## WHAT YOU NEED TO DO
Nothing but the lines from the start of the data through the line with "赵书记指出,beat365官" should appear in the answer, each retyped exactly, and pictures should not.

(Records from a collection)
+ + + + +

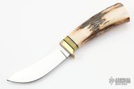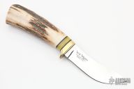 This skinner by WB Wiggins features a mirror polished blade with .112" blade stock and .829" blade depth, hidden tang construction. The handle has a brass guard, stag grip and black/amber spacers. Comes with a zippered case. One shallow crack in stag handle on show side but other than that excellent condition.
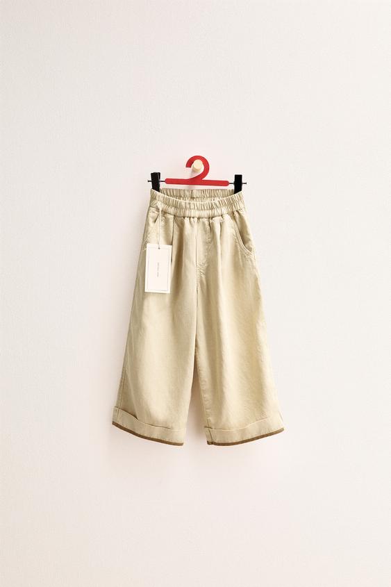 ZARA TIMELESS - БРЮКИ ИЗ ЛЬНА С КОНТРАСТНОЙ ОТДЕЛКОЙ, ЦВЕТ СЛИВОЧНОГО МАСЛА
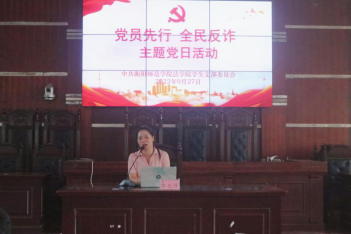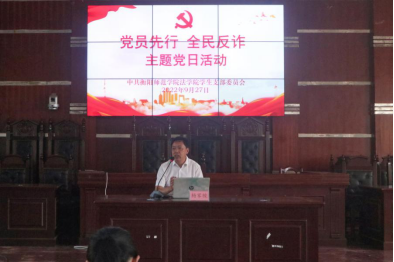 为进一步提高党员和全体师生的防范意识,筑牢反诈防线,深化基层党组织整建提质专项行动,切实把党的组织优势转化为反诈工作优势,营造全民反诈的浓厚氛围,yl8cc永利官网学生党支部认真落实衡阳市委《关于在全市基层党组织开展“党员先行、全民反诈”主题活动的通知》文件要求,于9月27日在东校区模拟法庭开展“党员先行,全民反诈”主题党日活动。本次党日活动,yl8cc永利官网党总支书记杨家骏出席,学生党支部书记黎兆萍主持,支部37名学生党员参会。
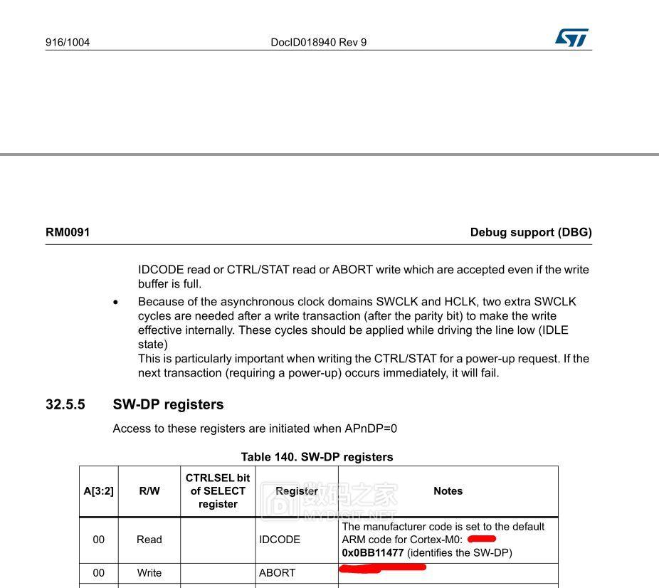 写的明明白白,CORTEX M0 内核的swd id规定就是0x0BB01477
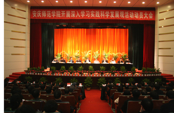 赵书记指出,beat365官网党委高度重视本次学习实践活动。在动员大会召开之前,党委多次专题研究学习实践活动的实施方案,确定了本次活动以“着力内涵建设,强化办学特色,推进科学发展”为主题,并决定把学习实践活动与贯彻落实党的十七大精神结合起来,与服务安徽建设高等教育强省的目标结合起来,与完成beat365官网第四次党代会和“十一五”规划确立的奋斗目标结合起来,与总结学校近10年来的发展经验和教训结合起来,与2009年学校的重点工作结合起来,与学科建设、质量工程、人才培养、服务地方等工作结合起来,明确办学思路、提高办学质量、完善体制机制、建设和谐校园,努力把科学发展观贯彻落实到学校的教学、科研、管理、服务经济社会发展等各个方面,推进学校各项事业又好又快发展。
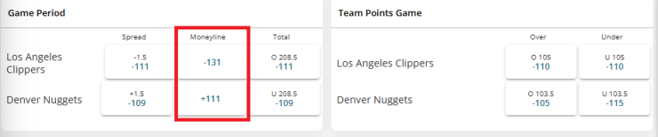 This is a straightforward bet on which team or player will win a matchup. The odds determine the payout on a moneyline bet. In an NBA game between the Los Angeles Clippers (-125) and the Denver Nuggets (+105), a $100 bet on the Nuggets would payout a $105 profit if the bet is successful.

+ + + + +

## RESULT FOR THIS TASK
 This skinner by WB Wiggins features a mirror polished blade with .112" blade stock and .829" blade depth, hidden tang construction. The handle has a brass guard, stag grip and black/amber spacers. Comes with a zippered case. One shallow crack in stag handle on show side but other than that excellent condition.
 ZARA TIMELESS - БРЮКИ ИЗ ЛЬНА С КОНТРАСТНОЙ ОТДЕЛКОЙ, ЦВЕТ СЛИВОЧНОГО МАСЛА
 为进一步提高党员和全体师生的防范意识,筑牢反诈防线,深化基层党组织整建提质专项行动,切实把党的组织优势转化为反诈工作优势,营造全民反诈的浓厚氛围,yl8cc永利官网学生党支部认真落实衡阳市委《关于在全市基层党组织开展“党员先行、全民反诈”主题活动的通知》文件要求,于9月27日在东校区模拟法庭开展“党员先行,全民反诈”主题党日活动。本次党日活动,yl8cc永利官网党总支书记杨家骏出席,学生党支部书记黎兆萍主持,支部37名学生党员参会。
 写的明明白白,CORTEX M0 内核的swd id规定就是0x0BB01477
 赵书记指出,beat365官网党委高度重视本次学习实践活动。在动员大会召开之前,党委多次专题研究学习实践活动的实施方案,确定了本次活动以“着力内涵建设,强化办学特色,推进科学发展”为主题,并决定把学习实践活动与贯彻落实党的十七大精神结合起来,与服务安徽建设高等教育强省的目标结合起来,与完成beat365官网第四次党代会和“十一五”规划确立的奋斗目标结合起来,与总结学校近10年来的发展经验和教训结合起来,与2009年学校的重点工作结合起来,与学科建设、质量工程、人才培养、服务地方等工作结合起来,明确办学思路、提高办学质量、完善体制机制、建设和谐校园,努力把科学发展观贯彻落实到学校的教学、科研、管理、服务经济社会发展等各个方面,推进学校各项事业又好又快发展。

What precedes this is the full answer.